Very likely. ARM Cortex-M3 datasheet promises 0.19 mW/MIPS at 180nm.
No actual M3 chip (at least from big vendors) comes close to that
figure. However there are several M3 chips that deliver ~1 mW/MIPS
which is much (at least 10x) better than the best 180nm x86.
Now the comparison is not exactly fair since in absolute performance
180nm x86 was ~10-20 times faster than the fastest Cortex M3.
ARM Cortex A9 vs Intel Atom is more fair since top absolute
performance is pretty close. There is hard to get precise numbers
since A9 SOCs tend to pack more non-CPU functionality than Atom
counterparts, but it seems that at equal performance A9 consumes at
least twice less power under full load. Until recently it also
consumed enormously (more than 100x) less power when idle, but Intel
mostly fixed that with their latest Moorestown (Z6xx) SoC.
One thing we should take into account when comparing Atom vs Cortex-A9
is that, due to OoO, A9 is more "robust". In the other words, it sucks
less when running ARM Cortex code not specifically optimized for it.
On the rather hand, Atom sucks rather badly when running code
optimized for "major" x86 cores from Intel and AMD, less so for
integer, more so for FP/SIMD code. So comparisons based on SPECCPU or
some other benchmarks compiled specifically for target
microarchitecture show Atom in better light than typical experience of
majority of users. Much less so for Cortex-A9

I think, 2.5-3 years down the road we will be in better position for
comparison since then we will have AMD Bobcat vs ARM Cortex A15. Both
target more or less the same performance point and both feature
similarly capable OoO.
 
Robert Myers...
Posted: Wed Sep 29, 2010 12:15 am
 
On Sep 28, 5:02 pm, Michael S <already5cho... at (no spam) yahoo.com> wrote:
Quote:
On Sep 28, 6:48 pm, Stephen Fuld <SF... at (no spam) alumni.cmu.edu.invalid> wrote:

It seems to be the "conventional wisdom" that ARM has higher mips per
watt than X86.  This leads to several questions.

1.      Is it true?

Very likely.
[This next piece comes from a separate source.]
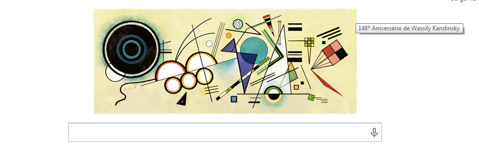 O doodle do Google de hoje é em homenagem ao pintor russo Василий Кандинский (Wassily Kandinsky), nascido em Moscou (1866) e morto em Neuilly-sur-Seine, França (1944), professor da escola Bauhaus e considerado o pai da arte abstrata.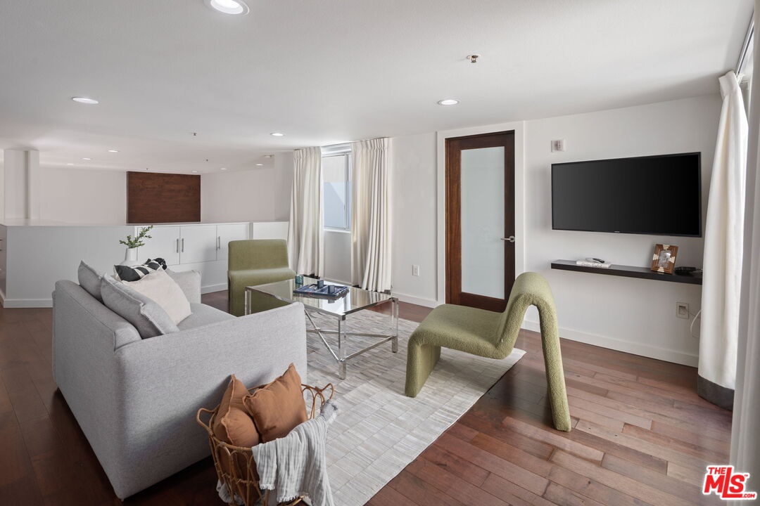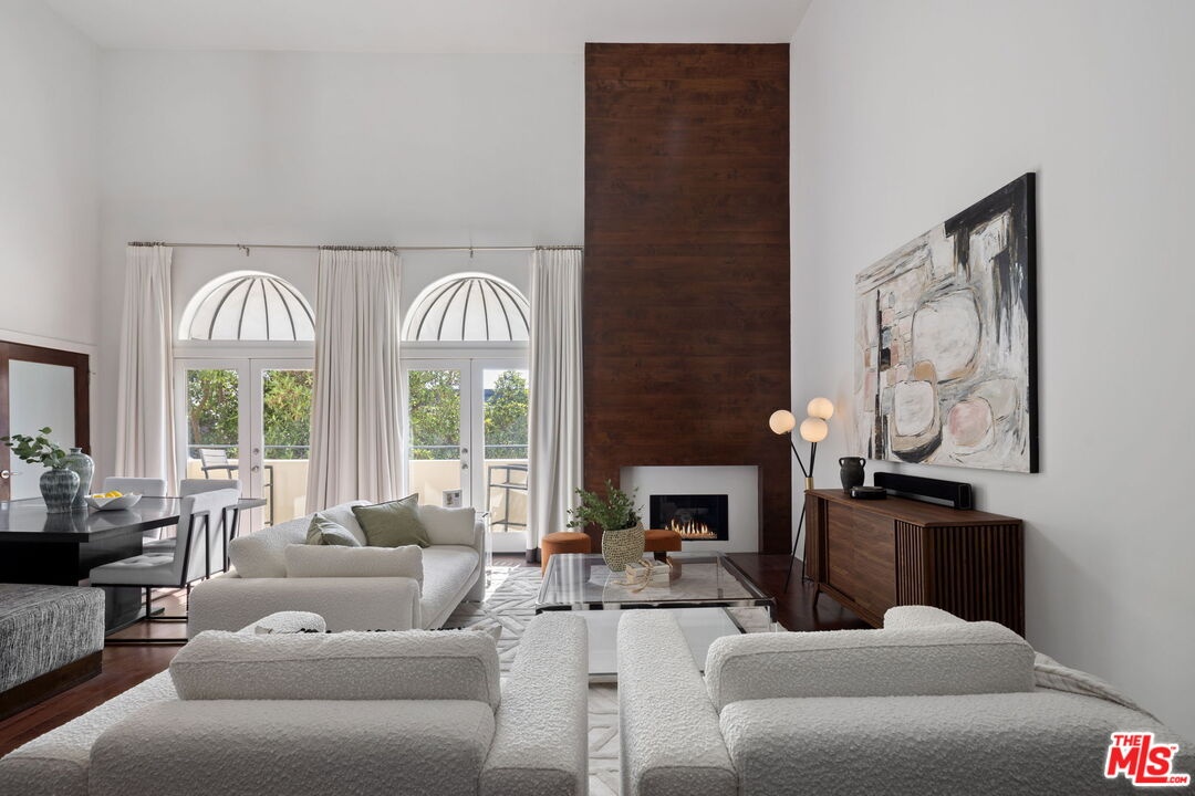 Penthouse with Soaring Ceilings & Exceptional Outdoor Space! Welcome to this Stunning Front Corner 2BR bedroom plus Loft/3rd Bedroom penthouse offering over 2,000 square feet of thoughtfully designed living space, dramatic cathedral ceilings, and beautiful hardwood floors throughout. Bathed in natural light from oversized windows, the expansive open concept living and dining area flows seamlessly to a private patio, perfect for indoor-outdoor entertaining. The kitchen is ideal for hosting or everyday living, while the soaring ceilings add volume and elegance to the space. The versatile loft/third bedroom En-suite doubles as a built-in office area and opens to its own private terrace, providing the ideal work-from-home setup or a peaceful retreat. The primary suite offers generous proportions, ample walk-in closet, and private balcony for a serene atmosphere. Located in a prime Brentwood neighborhood, this penthouse combines luxury, function, and location in one exceptional package. Laundry inside and 2 Car S/S Parking. Low HOA Dues. Close to Restaurants and Grocery.

ARM Cortex-M3 datasheet promises 0.19 mW/MIPS at 180nm.
No actual M3 chip (at least from big vendors) comes close to that
figure. However there are several M3 chips that deliver ~1 mW/MIPS
which is much (at least 10x) better than the best 180nm x86.
Now the comparison is not exactly fair since in absolute performance
180nm x86 was ~10-20 times faster than the fastest Cortex M3.
ARM Cortex A9 vs Intel Atom is more fair since top absolute
performance is pretty close. There is hard to get precise numbers
since A9 SOCs tend to pack more non-CPU functionality than Atom
counterparts, but it seems that at equal performance A9 consumes at
least twice less power under full load. Until recently it also
consumed enormously (more than 100x) less power when idle, but Intel
mostly fixed that with their latest Moorestown (Z6xx) SoC.
One thing we should take into account when comparing Atom vs Cortex-A9
is that, due to OoO, A9 is more "robust". In the other words, it sucks
less when running ARM Cortex code not specifically optimized for it.
On the rather hand, Atom sucks rather badly when running code
optimized for "major" x86 cores from Intel and AMD, less so for
integer, more so for FP/SIMD code. So comparisons based on SPECCPU or
some other benchmarks compiled specifically for target
microarchitecture show Atom in better light than typical experience of
majority of users. Much less so for Cortex-A9

I think, 2.5-3 years down the road we will be in better position for
comparison since then we will have AMD Bobcat vs ARM Cortex A15. Both
target more or less the same performance point and both feature
similarly capable OoO.

For anyone interested in trying to guess the future direction of HPC,
how far Atom can be pushed in terms or performance/watt relative to
ARM is an important question.

At the risk of starting an AMD fanboy flame war, I wonder about the
relevance/usefulness/motivation of the "information" you have
provided.

What possible use is information from a 180 nm generation of Intel
chips unless, as I suspect, you are looking to support an Intel-will-
never-get-there bias (immovable object?) on your part? That suspicion
is further deepened for me by your urging us to wait to look at Bobcat
for a real answer. The suspicion is deepened still further by your
"Atom sucks at code not specifically compiled for it" potshot. For
whatever it's worth, Fedora distributions are being compiled with Atom
as a target.

In the end, I'm as clueless as I was about the prospects for Atom
relative to Arm as I was before you started your post, but it's clear
you don't like Intel.

Robert.
 
Michael S...
Posted: Wed Sep 29, 2010 1:59 am
 
On Sep 29, 2:15 am, Robert Myers <rbmyers... at (no spam) gmail.com> wrote:
Quote:
On Sep 28, 5:02 pm, Michael S <already5cho... at (no spam) yahoo.com> wrote:

For anyone interested in trying to guess the future direction of HPC,
how far Atom can be pushed in terms or performance/watt relative to
ARM is an important question.


Methinks, both irrelevant.

Quote:
At the risk of starting an AMD fanboy flame war, I wonder about the
relevance/usefulness/motivation of the "information" you have
provided.

What possible use is information from a 180 nm generation of Intel
chips unless, as I suspect, you are looking to support an Intel-will-
never-get-there bias (immovable object?) on your part?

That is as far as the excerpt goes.